A: Open the door, put the elephant in and close the door again.


Q: How do you put a giraffe in the fridge?
A: Open the door, take out the elephant, put the giraffe in and close the door again.


Q: Simba is having his christening and all the animals are invited to the big event. The day arrives and almost everyone is there. Who doesn't show up?
A: The giraffe, because he is still in the fridge.


Q: Some explorers are going through a dangerous jungle. They come to a notorious crocodile-infested river but have no tools to aid them. How do they cross the river?
A: They wade through the water without a care - the crocodiles are at Simba's christening.


I used to think this was the funniest joke ever. Is it?!


----------



## am64 (Mar 8, 2010)

what did tarzen say when he saw the elephants comming over the hill ?
look here come the elephants over the hill

what did tarzen say when he saw the elephants comming over the hill wearing dark glasses? 

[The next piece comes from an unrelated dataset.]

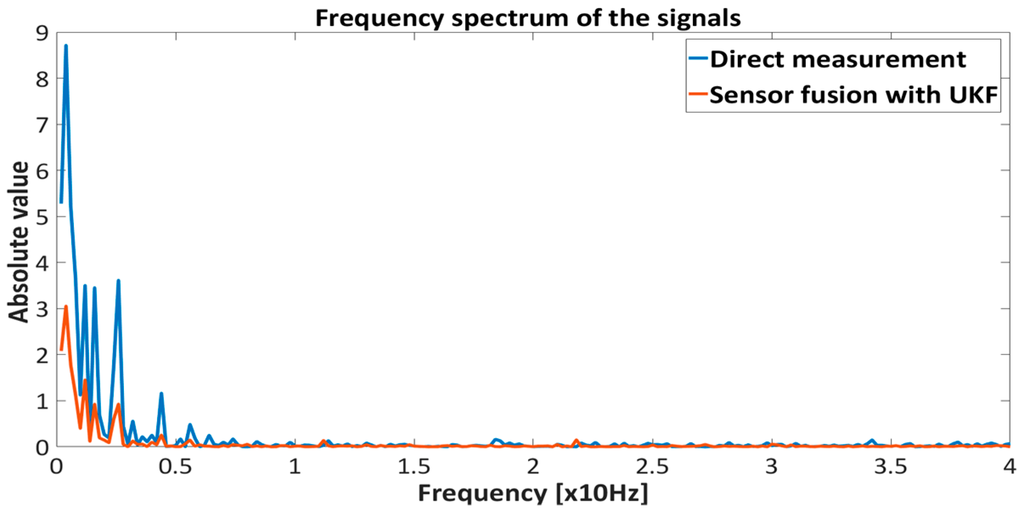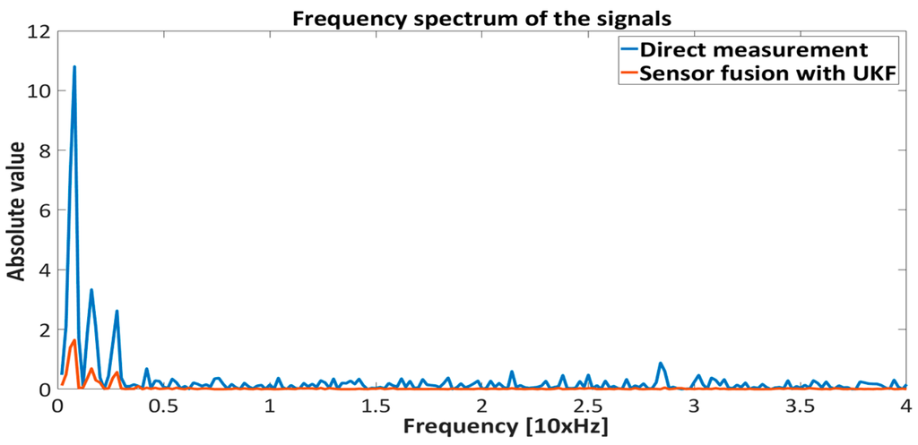 Frequency spectrum of the proximity measurements (direct measurement and sensor fusion) with Backstepping controller.

nothing he didnt recognise them ...


----------



## Andy HB (Mar 8, 2010)

Oh dear, you've got me started now .....

1) Why do ducks have big feet?
To stamp out forest fires.

2) Why do elephants have big feet?
To stamp out burning ducks.

3) Why do elephants paint their toenails red?
So that they can hide in cherry trees.

4) Have you ever seen an elephant in a cherry tree?
No!
See! It works!!


----------



## am64 (Mar 8, 2010)

why do elephants have flat feet?
from jumping out of cherry trees

why do elephants have wrinkled ankles ?
from wearing their trainers too tight

why do elephants float down river their backs ?
so they dont get their trainers wet


----------



## Lauren (Mar 8, 2010)

Hehe loving these!


----------



## Caroline (Mar 9, 2010)

How do you get four elephants in a mini?

Two in the front and two in the back

Why did the elephant paint himself yellow

to hide in a bowl of custard

WHo got upset about all the elephant jokes?

The elephant, he thought everyone was picking on him!


----------